All pictures are to be dropped, and everything else in the data duplicated exactly.
|---|
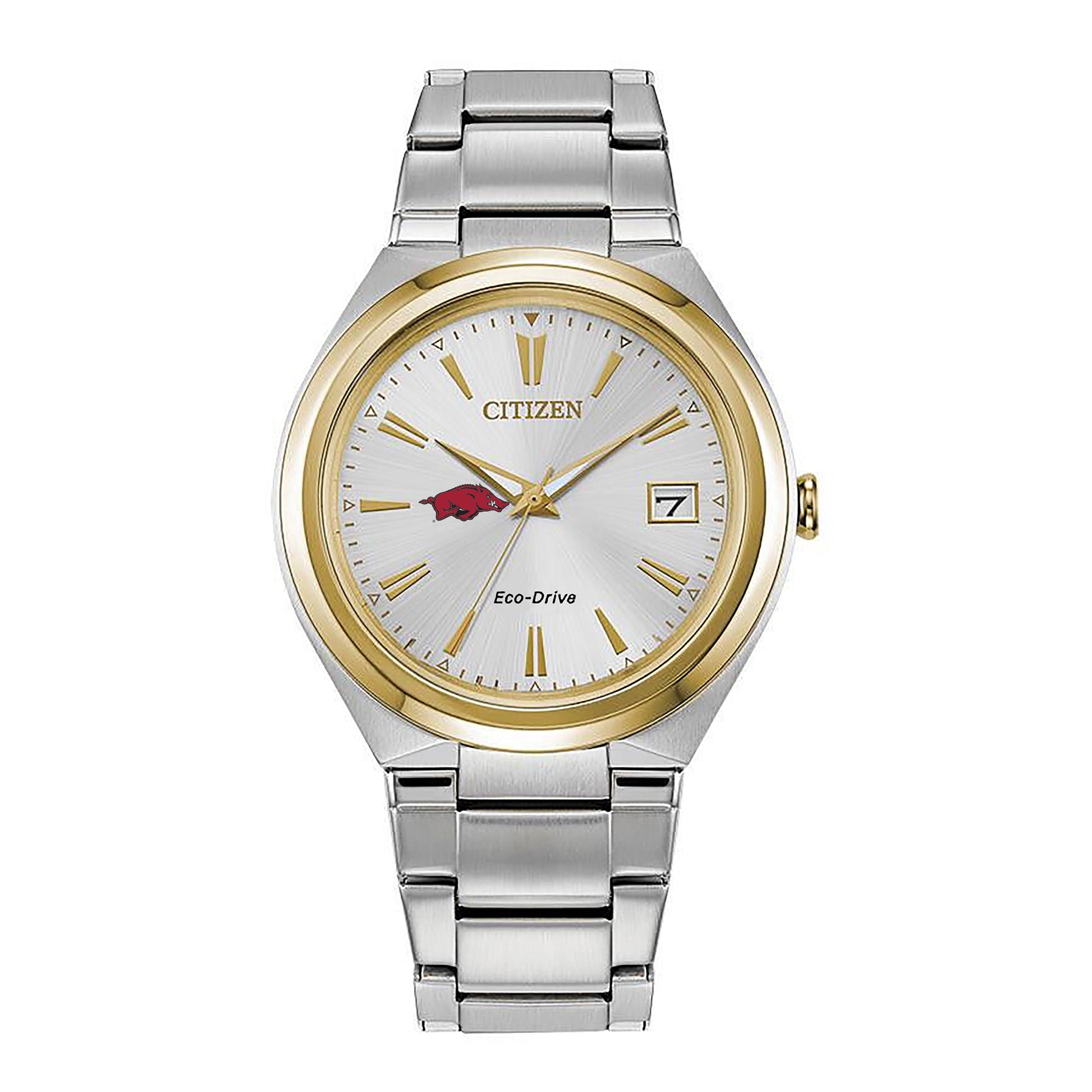 Women's Silver/Gold Arkansas Razorbacks Citizen Eco-Drive Two-Tone Watch
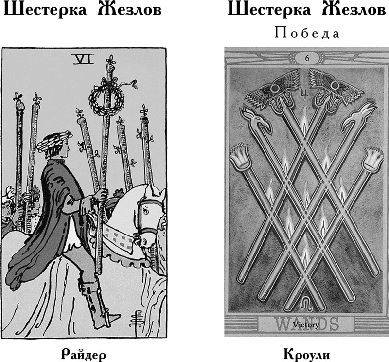 В масти Жезлов такие качества шестерки, как полезность и соединение, говорят о выгодной встрече, благоприятном шансе, который дает судьба и который приведет к победе и успеху. Эту тему символизирует образ вестника, возвещающего о победе. Карта предсказывает какую-то хорошую новость. В Таро Кроули упор сделан на радости и энтузиазме, связанных с ощущением победы. Карта воодушевляет спрашивающего и рекомендует продолжать свой путь.
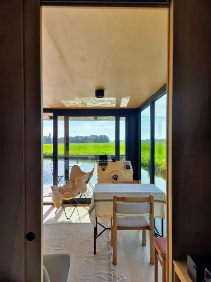 “ je eigen eiland, een varend huisje en verder helemaal niks. Behalve vogels, water, riet en misschien een nieuwsgierige reiger in de verte. ”
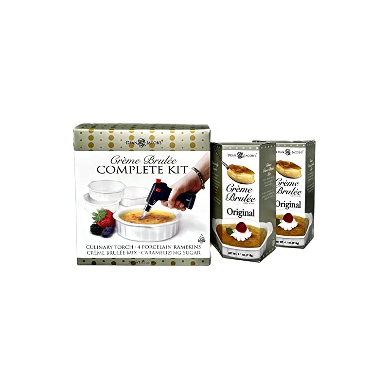 - Dean Jacob's Crème Brulée Complete Kit with 2 Additional Original Mixes - Enough mix for 12 servings.
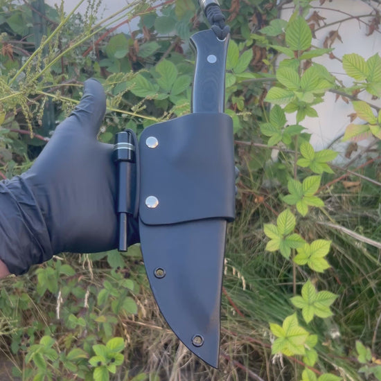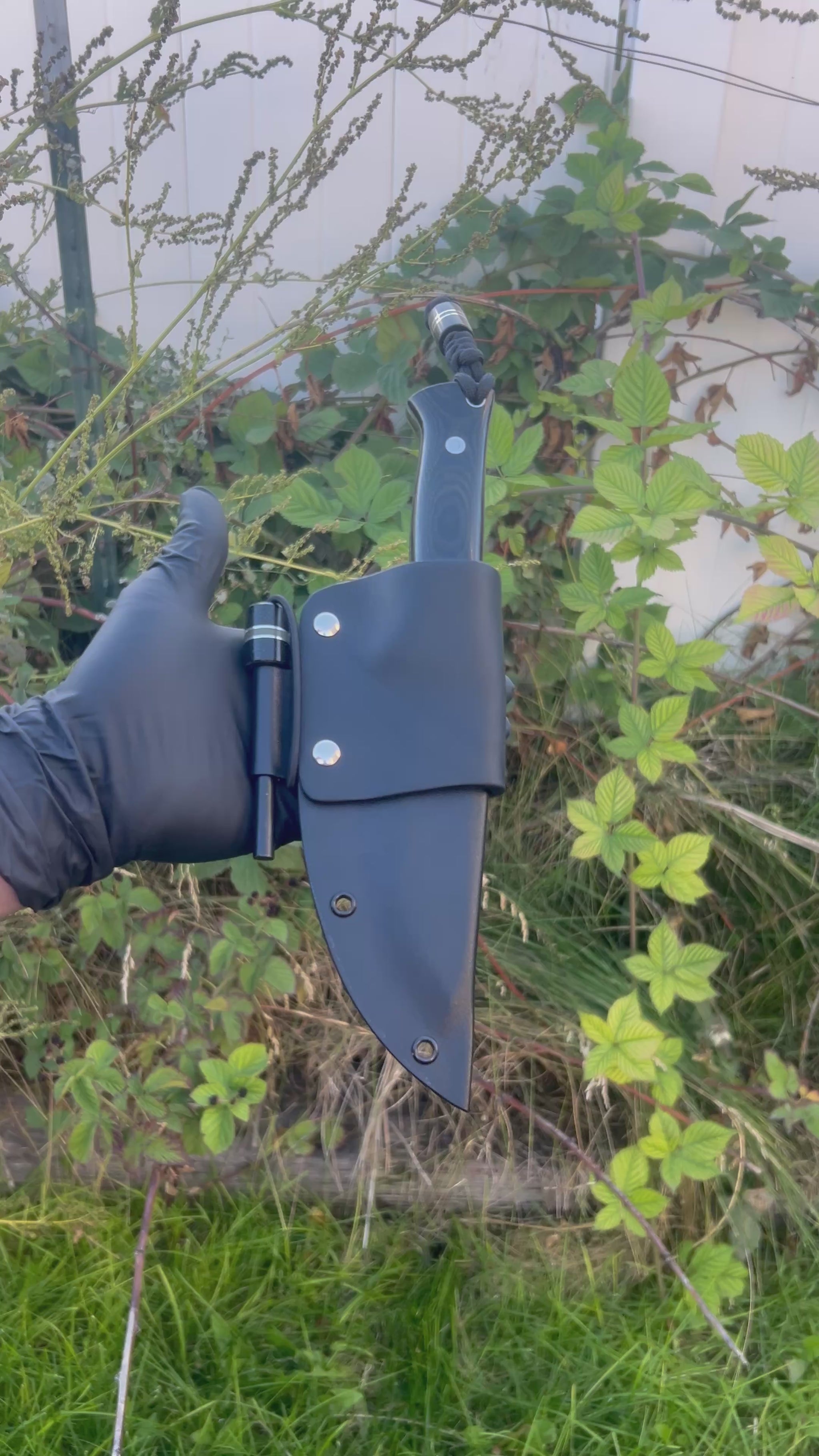 D.Mello Knives Endure Bushcrafter in black canvas micarta and jade G10 liners with matching lanyard and ferro fire starter. Blade steel is 7/32 thick A2 steel at 61 HRC with a 3/8 convex scandi grind with a black oxide stonewashed finish. The sheath is kydex with a premium leather overwrap and holds the knife and ferro rod securely.Ferro rods when worn out can be sent in for service to have a new rod installed. This is a hard use outdoor bushcraft knife built to last generations!
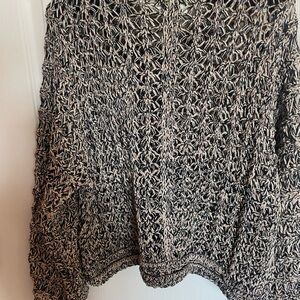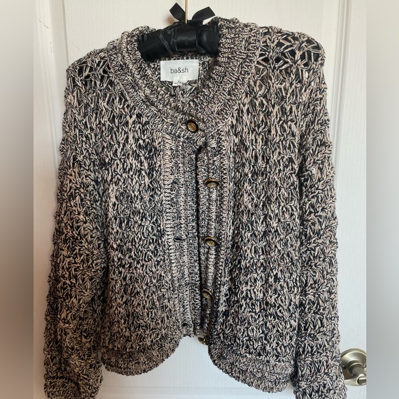 Chunky knit cardigan with button closure. Features a cozy, textured design. Perfect for layering.
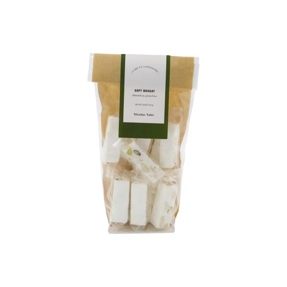 Hapklare lekkernijen voor elke gelegenheid. Geniet van de onmiskenbare smaak van pistachenoten en de crunch van geblancheerde amandelen in dit zakje Italiaanse zachte nougat van Nicolas Vahé. De nougatzoetheid en de nootachtige smaken komen samen in deze uitgebalanceerde traktatie.
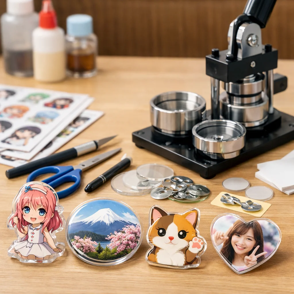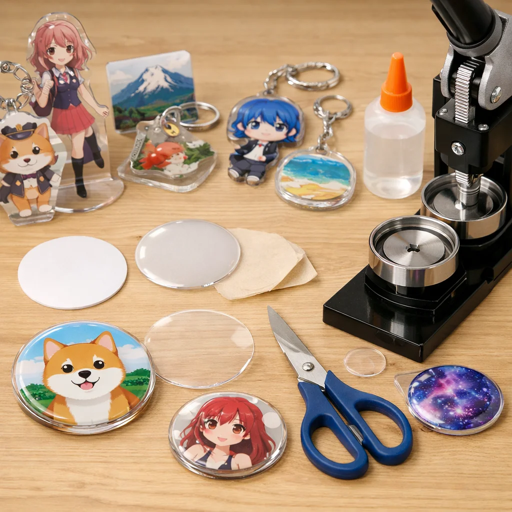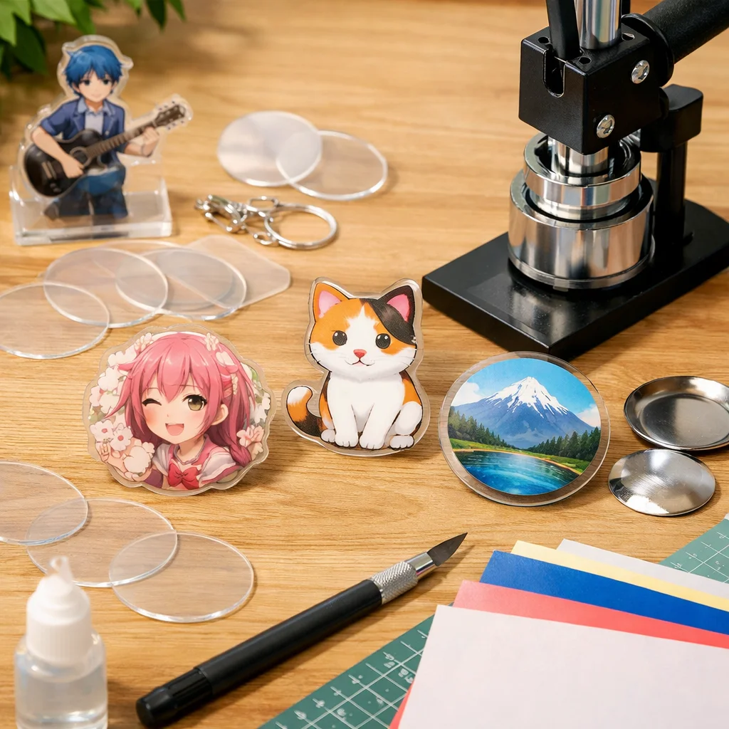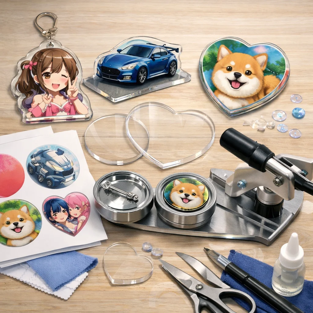 アクリルグッズのバッジ制作は、クリエイティブな楽しみが詰まった作業ですが、正しい材料と道具を使うことで、仕上がりの質が大きく変わります。ここでは、バッジ制作に必要な「最低限セット」と「あると仕上がりが上がる道具」に分けて、各アイテムの役割や選ぶ基準、代替案を詳しく説明します。これを参考にすれば、初心者でも自信を持って アクリルグッズ を作成できるでしょう。
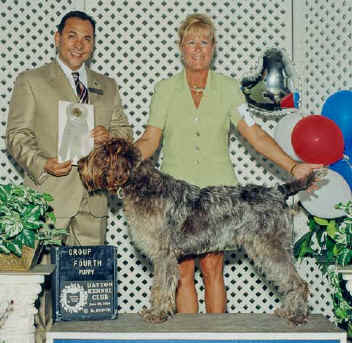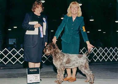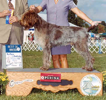 Ted E was whelped on 8-26-03. There were 9 pups in the litter. All nine pups came into the world wagging their tails! To this day, the only time Ted E. stops wagging his tail is when he is on point. At five months of age, we took Ted E and Daz out in the field. Ted E was amazing! His first day out he got one pheasant and 2 chukars. Ted E took his first point at the Louisville dog show at the age of 6 months and 3 days out of the Bred By Exhibitor class. He went Best of Winners for 4 days in Kalamazoo in May at 8 months of age, and went Best of Breed for 3 days in Lexington at 1 year old. Ted E is full of energy and has a tremendous reach in the ring. Yet, in the house, he is content to lay by our feet.
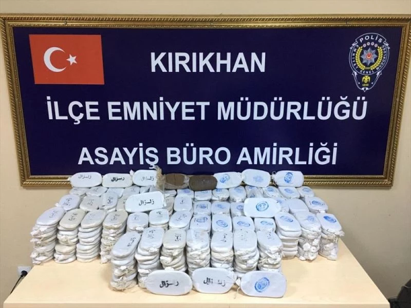 HATAY (AA) - Hatay'in Kirikhan ilçesinde bir evin banyosunda 98 kilo 125 gram esrar ele geçirildi, Suriyeli 3 zanli gözaltina alindi.
|---|
* **Answer below**:
 Women's Silver/Gold Arkansas Razorbacks Citizen Eco-Drive Two-Tone Watch
 В масти Жезлов такие качества шестерки, как полезность и соединение, говорят о выгодной встрече, благоприятном шансе, который дает судьба и который приведет к победе и успеху. Эту тему символизирует образ вестника, возвещающего о победе. Карта предсказывает какую-то хорошую новость. В Таро Кроули упор сделан на радости и энтузиазме, связанных с ощущением победы. Карта воодушевляет спрашивающего и рекомендует продолжать свой путь.
 “ je eigen eiland, een varend huisje en verder helemaal niks. Behalve vogels, water, riet en misschien een nieuwsgierige reiger in de verte. ”
 - Dean Jacob's Crème Brulée Complete Kit with 2 Additional Original Mixes - Enough mix for 12 servings.
 D.Mello Knives Endure Bushcrafter in black canvas micarta and jade G10 liners with matching lanyard and ferro fire starter. Blade steel is 7/32 thick A2 steel at 61 HRC with a 3/8 convex scandi grind with a black oxide stonewashed finish. The sheath is kydex with a premium leather overwrap and holds the knife and ferro rod securely.Ferro rods when worn out can be sent in for service to have a new rod installed. This is a hard use outdoor bushcraft knife built to last generations!
 Chunky knit cardigan with button closure. Features a cozy, textured design. Perfect for layering.
 Hapklare lekkernijen voor elke gelegenheid. Geniet van de onmiskenbare smaak van pistachenoten en de crunch van geblancheerde amandelen in dit zakje Italiaanse zachte nougat van Nicolas Vahé. De nougatzoetheid en de nootachtige smaken komen samen in deze uitgebalanceerde traktatie.
 アクリルグッズのバッジ制作は、クリエイティブな楽しみが詰まった作業ですが、正しい材料と道具を使うことで、仕上がりの質が大きく変わります。ここでは、バッジ制作に必要な「最低限セット」と「あると仕上がりが上がる道具」に分けて、各アイテムの役割や選ぶ基準、代替案を詳しく説明します。これを参考にすれば、初心者でも自信を持って アクリルグッズ を作成できるでしょう。
 Ted E was whelped on 8-26-03. There were 9 pups in the litter. All nine pups came into the world wagging their tails! To this day, the only time Ted E. stops wagging his tail is when he is on point. At five months of age, we took Ted E and Daz out in the field. Ted E was amazing! His first day out he got one pheasant and 2 chukars. Ted E took his first point at the Louisville dog show at the age of 6 months and 3 days out of the Bred By Exhibitor class. He went Best of Winners for 4 days in Kalamazoo in May at 8 months of age, and went Best of Breed for 3 days in Lexington at 1 year old. Ted E is full of energy and has a tremendous reach in the ring. Yet, in the house, he is content to lay by our feet.
 HATAY (AA) - Hatay'in Kirikhan ilçesinde bir evin banyosunda 98 kilo 125 gram esrar ele geçirildi, Suriyeli 3 zanli gözaltina alindi.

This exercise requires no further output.